## WHAT YOU HAVE TO DO:
Skip all pictures; return exactly the lines from the one containing "パン献立で、フライドチキン、" through the end of the data.

[Start of Attachment]

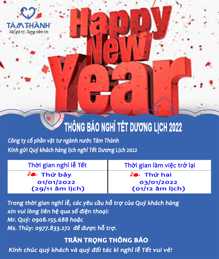 Tâm Thành xin thông báo lịch nghỉ lễ Tết Dương Lịch 2022 của Công ty tới Quý đối tác, Quý khách hàng được biết để sắp xếp thuận tiện cho việc liên hệ công tác:
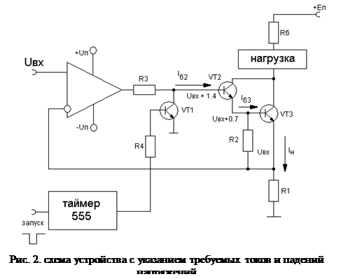 Устройство состоит из операционного усилителя, каскада Дарлингтона и транзистора VT1, сменой режимов которого управляет таймер 555. Транзистор VT1 большую часть времени находится в режиме насыщения, когда из таймера в его базу втекает ток определенной величины. В этом состоянии VT1 работает как низкоомный резистор, понижается потенциал базы VT2, и отключается отрицательная обратная связь, образованная каскадом Дарлингтона (VT2,VT3) и резистором R1.
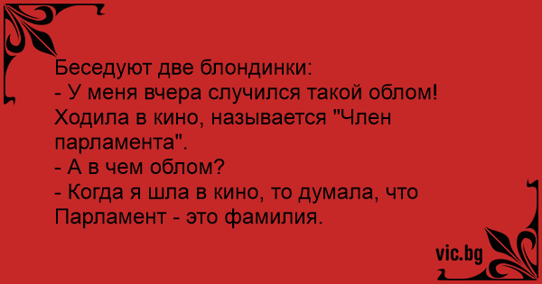 - У меня вчера случился такой облом! Ходила в кино, называется "Члeн парламента".
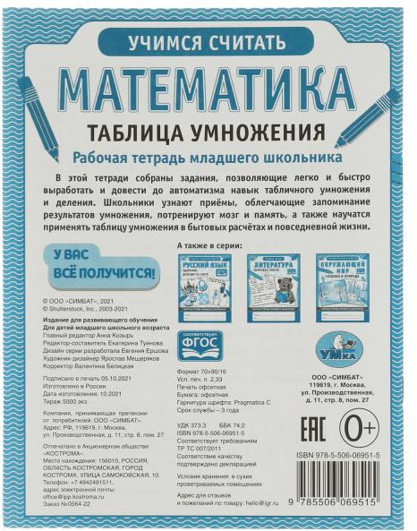 💳 Оплатить за товар можно при получении 🇰🇿 Есть бесплатная доставка по Казахстану от 1 дня 🎁 Копите бонусы с каждой покупки Рабочая тетрадь младшего школьника «Математика. Таблица умножения» станет отличным помощником для ребёнка в процессе освоения им новых знаний: |
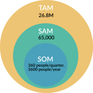 - Within the scope of CS 177, the obtainable market will consist of students studying CS at Stanford. We’re aiming for roughly 10% of students who take CS106A/B, which equates to around 360 people.
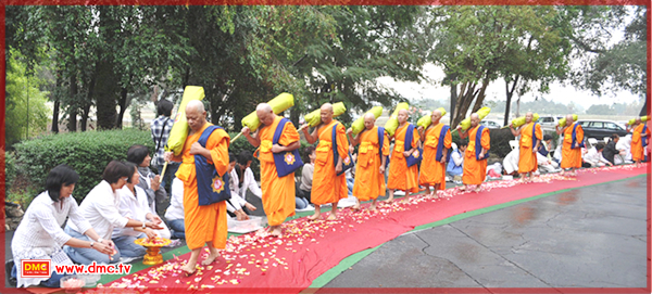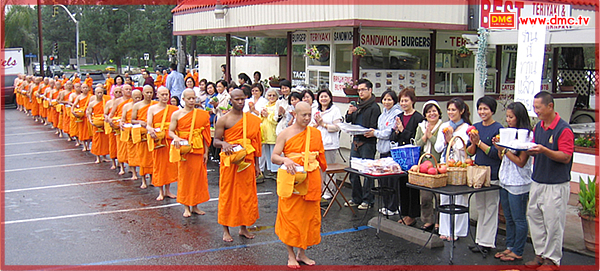 The fund will be spent to build the Master Nun Centennial Building but the joyfulness I would like to share. It was the world historic event happened in the first time in USA. That was the Dhammachai Pilgrimage and the Morning Alms Round of the new monks on the main routes in Azusa. The residents were very interested because they had never seen it before.
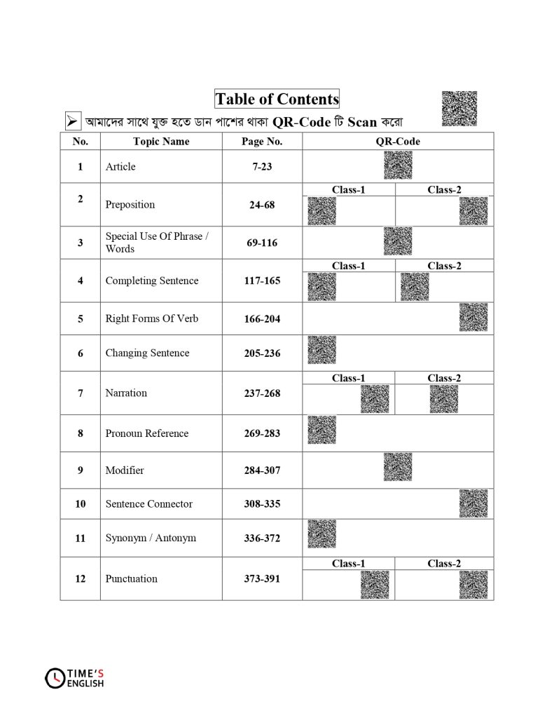 - গুরুত্বপূর্ণ টপিকের ভিডিও ক্লাস গুলোর “QR-Code” দেওয়া আছে। যাতে কোনো শিক্ষকের শরণাপন্ন না হয়ে বাসায় বসে Grammar এ “৬০ এ ৬০” পেতে পারো।
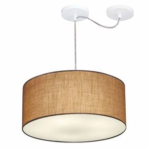 Lustre Cilíndrico C/ Desvio De Centro Md-4151 Cúpula Tecido 50x25cm Palha
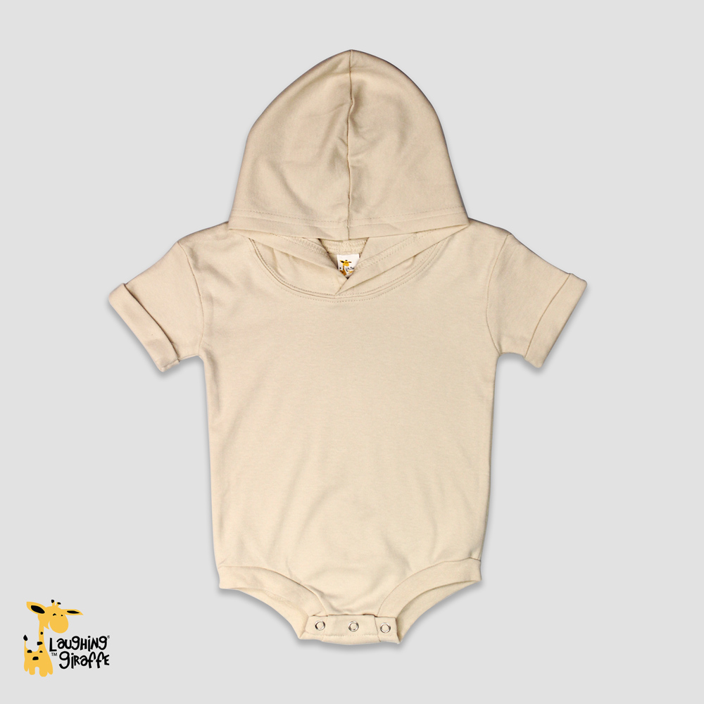 Looking for a stylish and breathable blank baby romper perfect for customization? Our Natural Rolled Short Sleeve Hooded Bubble Romper is crafted from premium 100% cotton and designed with both comfort and functionality in mind. This adorable newborn romper combines fashion-forward features like a rolled short sleeve finish and a soft hood with must-have practicality for screen printers, embroiderers, and resellers alike.
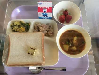 パン献立で、フライドチキン、カレーシチュー、春のカラフルソテー、いちごの組み合わせです。
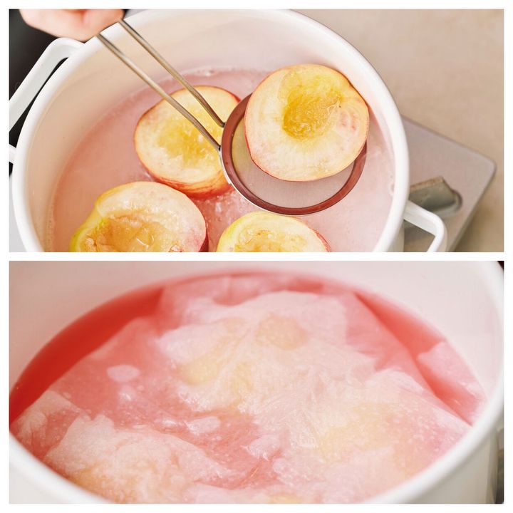 (3)網じゃくしと菜箸などを使い、桃をそっと裏返す。再びペーパータオルで落としぶたをし、さらに3~4分煮る。
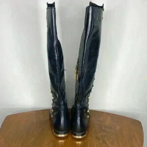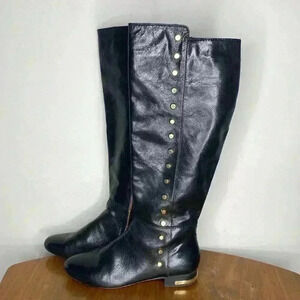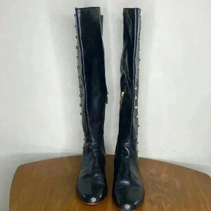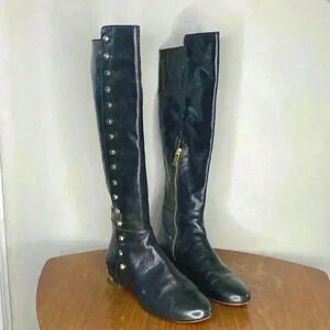 Michael Kors 5.5 STUDDED Leather Boots AILEE $250 Knee High Flat Black Gold. Good used condition, see photos for details.

[End of Attachment]

## EXERCISE RESULT:
 パン献立で、フライドチキン、カレーシチュー、春のカラフルソテー、いちごの組み合わせです。
 (3)網じゃくしと菜箸などを使い、桃をそっと裏返す。再びペーパータオルで落としぶたをし、さらに3~4分煮る。
 Michael Kors 5.5 STUDDED Leather Boots AILEE $250 Knee High Flat Black Gold. Good used condition, see photos for details.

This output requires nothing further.